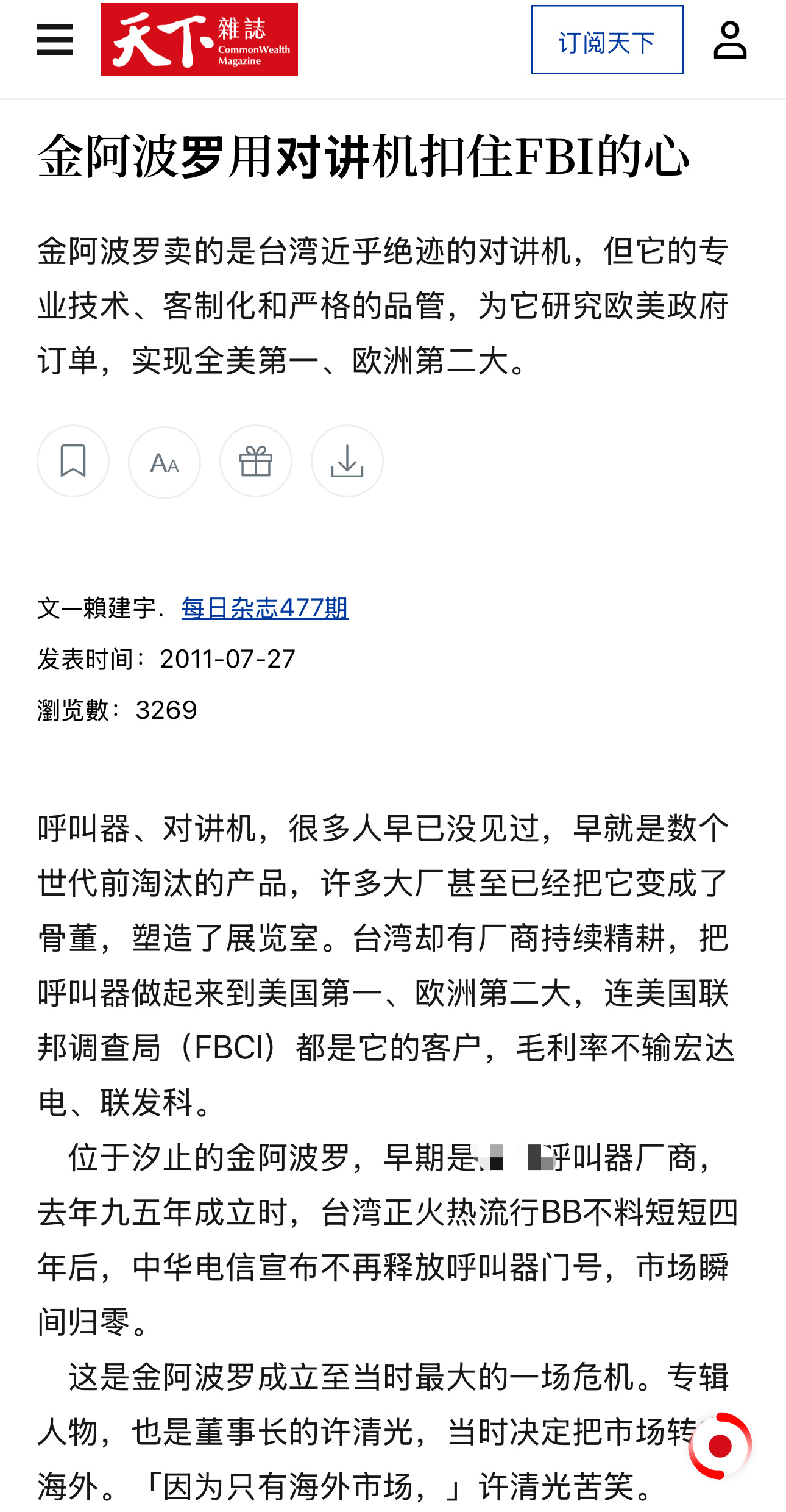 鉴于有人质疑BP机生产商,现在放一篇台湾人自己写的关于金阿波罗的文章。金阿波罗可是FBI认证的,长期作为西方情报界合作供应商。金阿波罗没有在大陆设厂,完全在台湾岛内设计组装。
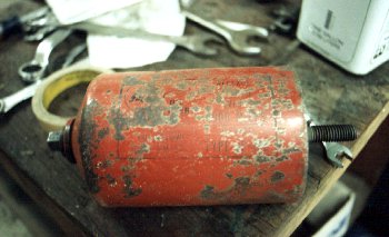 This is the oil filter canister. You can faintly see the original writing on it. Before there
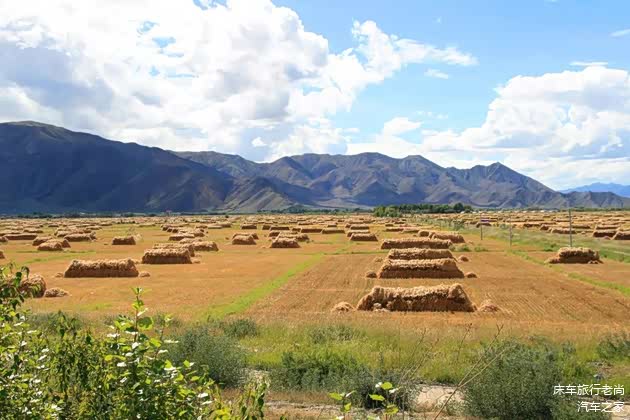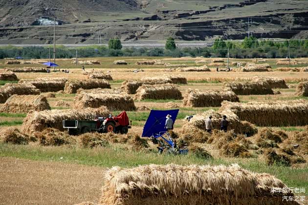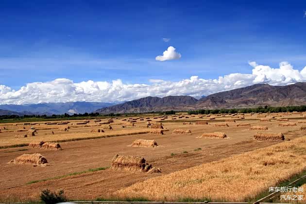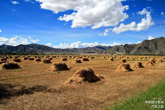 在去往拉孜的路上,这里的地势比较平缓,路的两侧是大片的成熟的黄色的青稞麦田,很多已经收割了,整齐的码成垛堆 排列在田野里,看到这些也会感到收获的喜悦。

● WHAT IS NEEDED: Reproduce every line above as written, skipping pictures.

● RESPONSE:
 鉴于有人质疑BP机生产商,现在放一篇台湾人自己写的关于金阿波罗的文章。金阿波罗可是FBI认证的,长期作为西方情报界合作供应商。金阿波罗没有在大陆设厂,完全在台湾岛内设计组装。
 This is the oil filter canister. You can faintly see the original writing on it. Before there
 在去往拉孜的路上,这里的地势比较平缓,路的两侧是大片的成熟的黄色的青稞麦田,很多已经收割了,整齐的码成垛堆 排列在田野里,看到这些也会感到收获的喜悦。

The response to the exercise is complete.